WORK ITEM: Restate verbatim the span of lines below between the line with "ты киевлянин, —" and the line with "PU Leather Storage", including those two lines, and only that span.
---- DATA PROVIDED
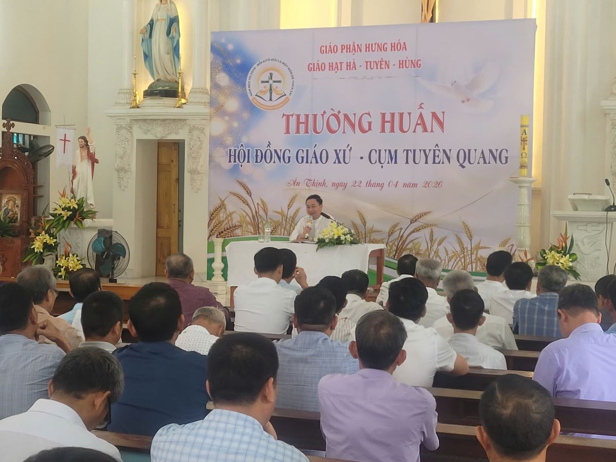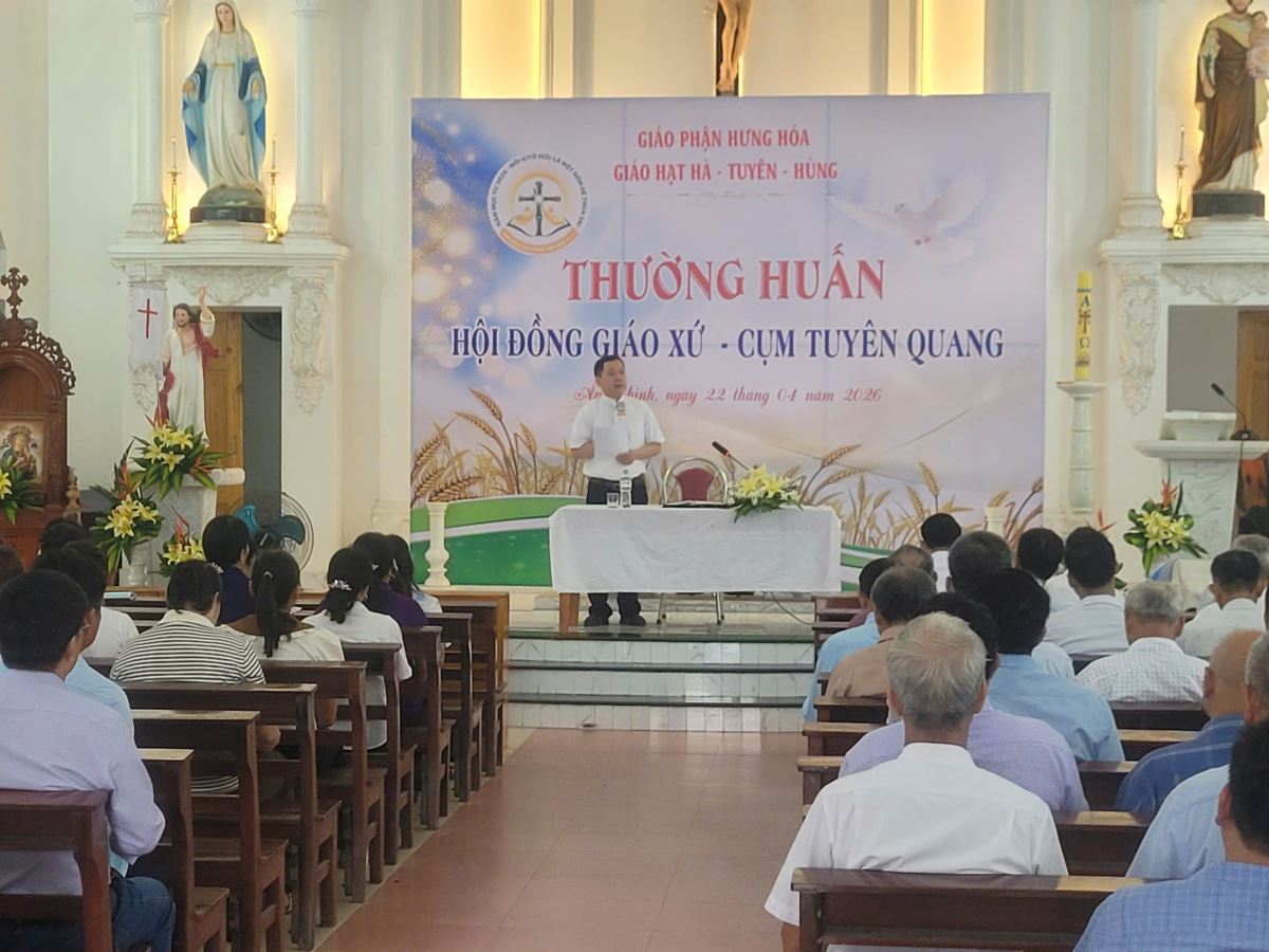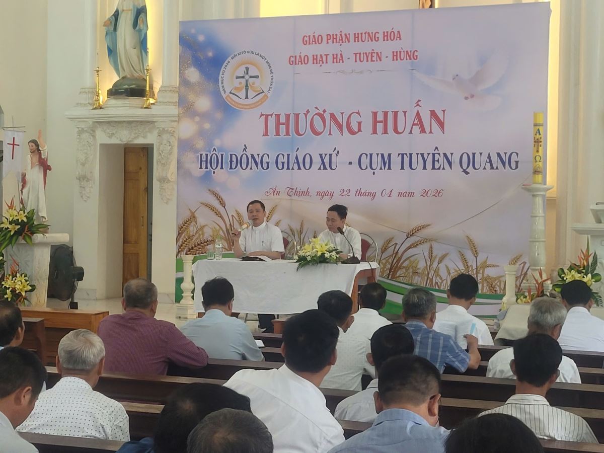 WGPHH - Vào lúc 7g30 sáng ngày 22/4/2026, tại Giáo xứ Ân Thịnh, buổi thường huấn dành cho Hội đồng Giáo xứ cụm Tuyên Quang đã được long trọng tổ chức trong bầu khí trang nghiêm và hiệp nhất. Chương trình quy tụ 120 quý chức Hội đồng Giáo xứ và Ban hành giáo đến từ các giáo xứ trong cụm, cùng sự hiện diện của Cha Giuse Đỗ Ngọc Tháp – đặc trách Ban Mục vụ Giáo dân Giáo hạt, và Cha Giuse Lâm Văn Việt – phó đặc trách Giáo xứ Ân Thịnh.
--------
---- DATA PROVIDED
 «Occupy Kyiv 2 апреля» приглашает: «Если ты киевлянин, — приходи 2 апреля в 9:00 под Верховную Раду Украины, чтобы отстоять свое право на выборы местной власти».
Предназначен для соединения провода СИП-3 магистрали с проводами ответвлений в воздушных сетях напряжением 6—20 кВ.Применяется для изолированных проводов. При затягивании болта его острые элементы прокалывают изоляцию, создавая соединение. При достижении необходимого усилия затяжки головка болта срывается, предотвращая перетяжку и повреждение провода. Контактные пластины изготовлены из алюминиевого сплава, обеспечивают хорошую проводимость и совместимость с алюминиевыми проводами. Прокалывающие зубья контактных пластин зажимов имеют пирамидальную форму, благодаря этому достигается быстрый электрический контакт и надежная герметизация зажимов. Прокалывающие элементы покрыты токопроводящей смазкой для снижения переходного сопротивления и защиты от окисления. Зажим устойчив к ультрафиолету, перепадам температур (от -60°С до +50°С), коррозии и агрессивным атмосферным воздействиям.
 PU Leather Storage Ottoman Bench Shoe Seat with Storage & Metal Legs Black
--------
ANSWER TO THE PROBLEM:
 «Occupy Kyiv 2 апреля» приглашает: «Если ты киевлянин, — приходи 2 апреля в 9:00 под Верховную Раду Украины, чтобы отстоять свое право на выборы местной власти».
Предназначен для соединения провода СИП-3 магистрали с проводами ответвлений в воздушных сетях напряжением 6—20 кВ.Применяется для изолированных проводов. При затягивании болта его острые элементы прокалывают изоляцию, создавая соединение. При достижении необходимого усилия затяжки головка болта срывается, предотвращая перетяжку и повреждение провода. Контактные пластины изготовлены из алюминиевого сплава, обеспечивают хорошую проводимость и совместимость с алюминиевыми проводами. Прокалывающие зубья контактных пластин зажимов имеют пирамидальную форму, благодаря этому достигается быстрый электрический контакт и надежная герметизация зажимов. Прокалывающие элементы покрыты токопроводящей смазкой для снижения переходного сопротивления и защиты от окисления. Зажим устойчив к ультрафиолету, перепадам температур (от -60°С до +50°С), коррозии и агрессивным атмосферным воздействиям.
 PU Leather Storage Ottoman Bench Shoe Seat with Storage & Metal Legs Black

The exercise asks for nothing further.